● Problem: Please set down each record exactly as it appears, but leave out any pictures.

● Supplied entries:
■ ■ ■

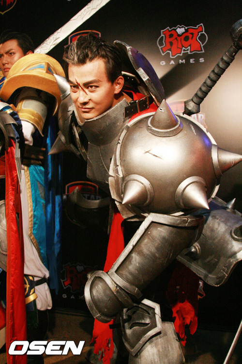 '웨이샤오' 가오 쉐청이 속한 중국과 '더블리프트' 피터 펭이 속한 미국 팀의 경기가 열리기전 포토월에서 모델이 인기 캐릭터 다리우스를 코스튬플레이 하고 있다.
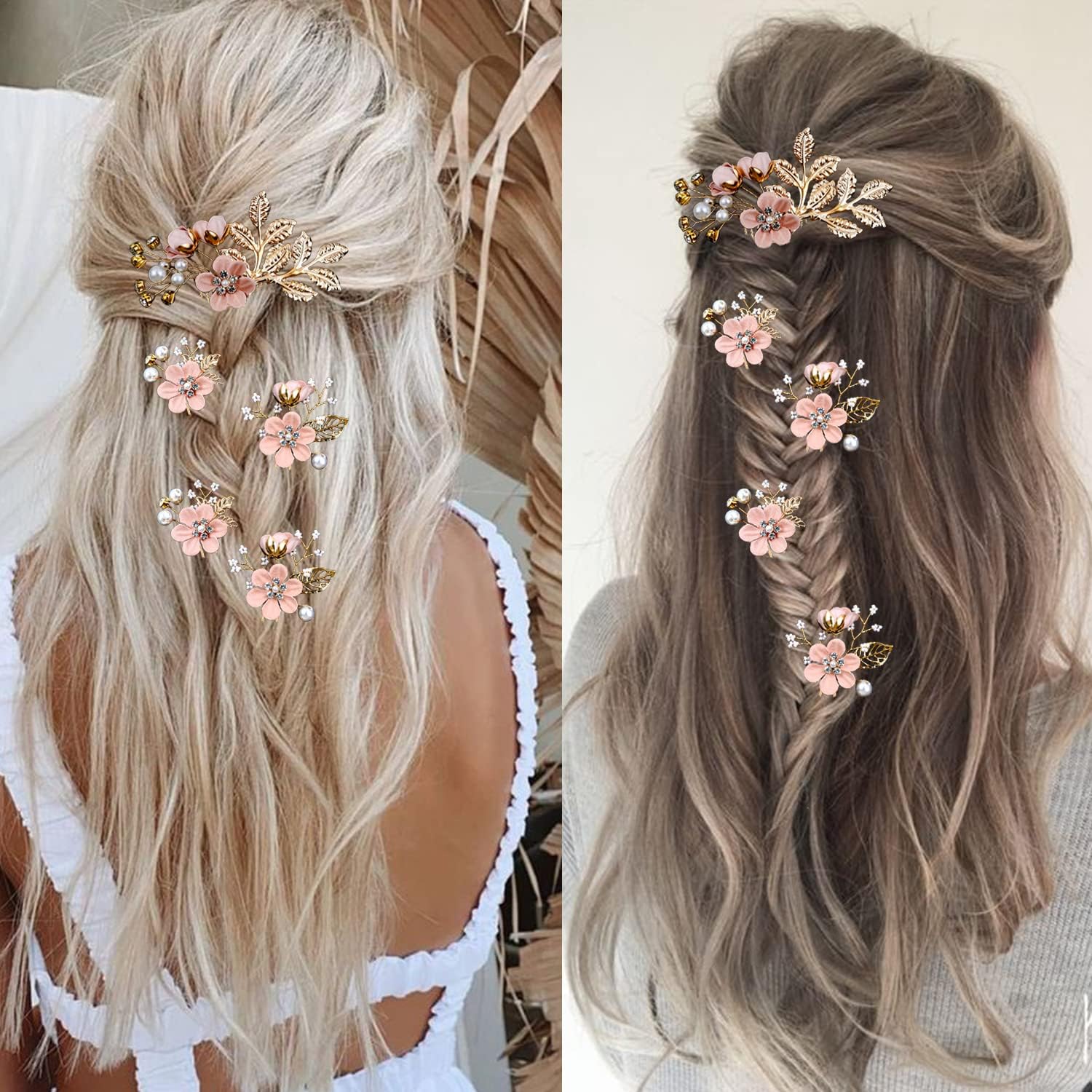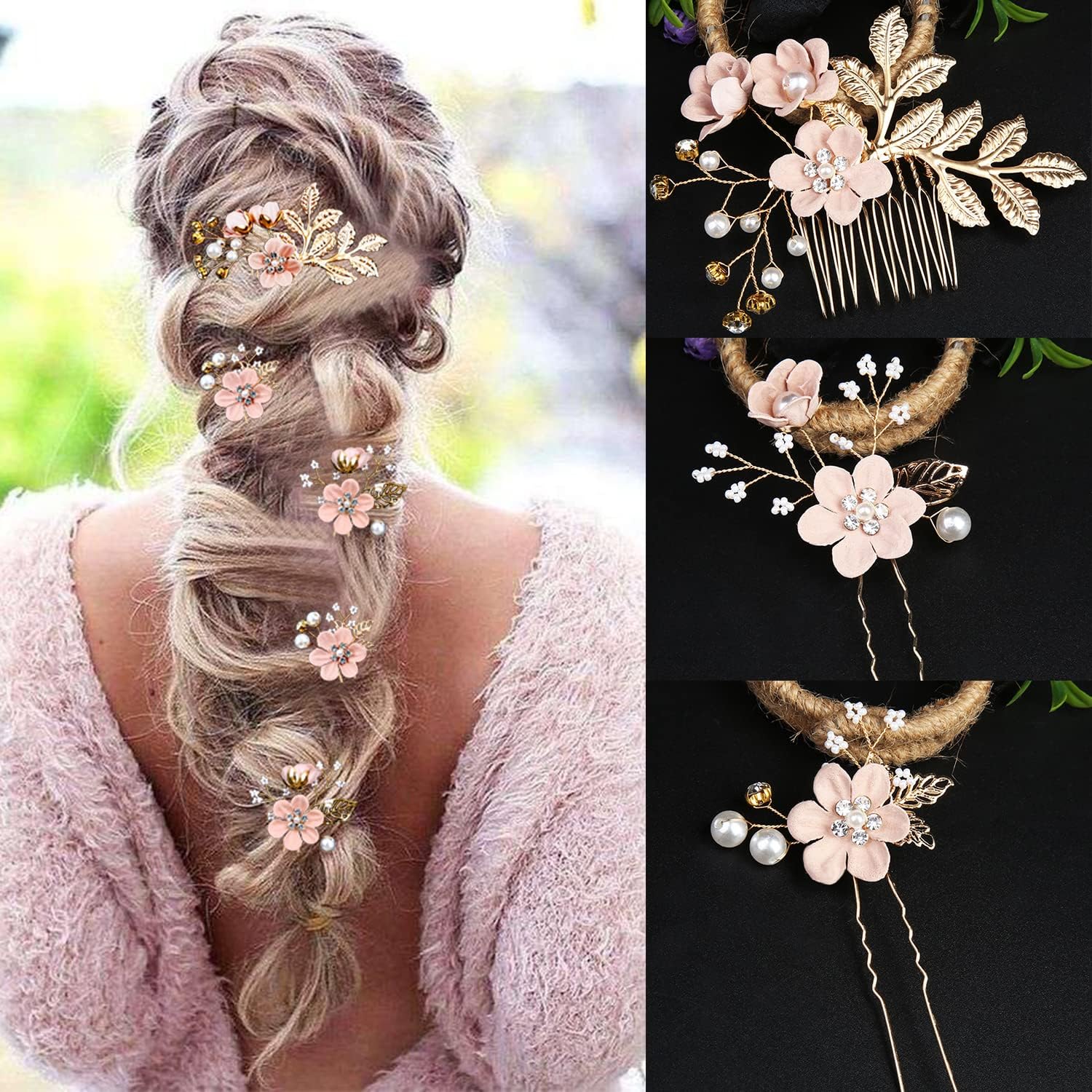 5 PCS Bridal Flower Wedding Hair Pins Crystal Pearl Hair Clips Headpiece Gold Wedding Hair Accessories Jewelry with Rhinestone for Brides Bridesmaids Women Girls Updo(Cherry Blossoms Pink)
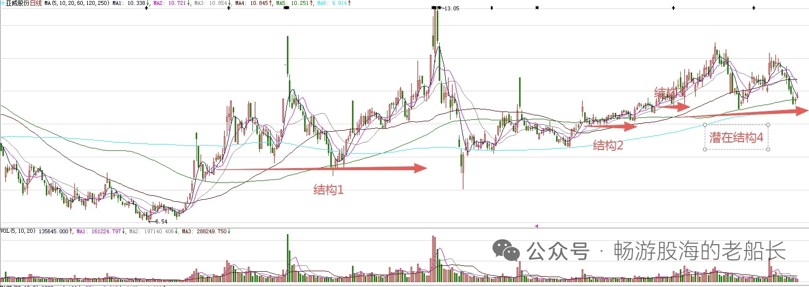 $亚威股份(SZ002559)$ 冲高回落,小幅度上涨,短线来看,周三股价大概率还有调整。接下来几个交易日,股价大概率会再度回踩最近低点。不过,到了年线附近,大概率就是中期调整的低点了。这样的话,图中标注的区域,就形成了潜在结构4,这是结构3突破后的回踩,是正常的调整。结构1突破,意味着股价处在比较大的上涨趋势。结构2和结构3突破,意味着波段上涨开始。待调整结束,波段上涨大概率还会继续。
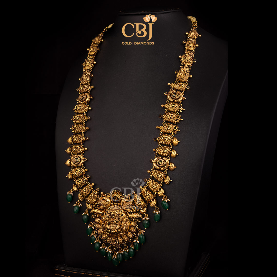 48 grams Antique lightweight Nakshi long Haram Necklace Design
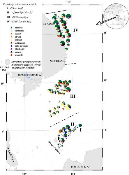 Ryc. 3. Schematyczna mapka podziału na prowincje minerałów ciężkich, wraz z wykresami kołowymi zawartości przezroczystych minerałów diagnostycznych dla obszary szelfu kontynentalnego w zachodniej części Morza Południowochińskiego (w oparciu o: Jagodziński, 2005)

■ ■ ■

● Written answer:
 '웨이샤오' 가오 쉐청이 속한 중국과 '더블리프트' 피터 펭이 속한 미국 팀의 경기가 열리기전 포토월에서 모델이 인기 캐릭터 다리우스를 코스튬플레이 하고 있다.
 5 PCS Bridal Flower Wedding Hair Pins Crystal Pearl Hair Clips Headpiece Gold Wedding Hair Accessories Jewelry with Rhinestone for Brides Bridesmaids Women Girls Updo(Cherry Blossoms Pink)
 $亚威股份(SZ002559)$ 冲高回落,小幅度上涨,短线来看,周三股价大概率还有调整。接下来几个交易日,股价大概率会再度回踩最近低点。不过,到了年线附近,大概率就是中期调整的低点了。这样的话,图中标注的区域,就形成了潜在结构4,这是结构3突破后的回踩,是正常的调整。结构1突破,意味着股价处在比较大的上涨趋势。结构2和结构3突破,意味着波段上涨开始。待调整结束,波段上涨大概率还会继续。
 48 grams Antique lightweight Nakshi long Haram Necklace Design
 Ryc. 3. Schematyczna mapka podziału na prowincje minerałów ciężkich, wraz z wykresami kołowymi zawartości przezroczystych minerałów diagnostycznych dla obszary szelfu kontynentalnego w zachodniej części Morza Południowochińskiego (w oparciu o: Jagodziński, 2005)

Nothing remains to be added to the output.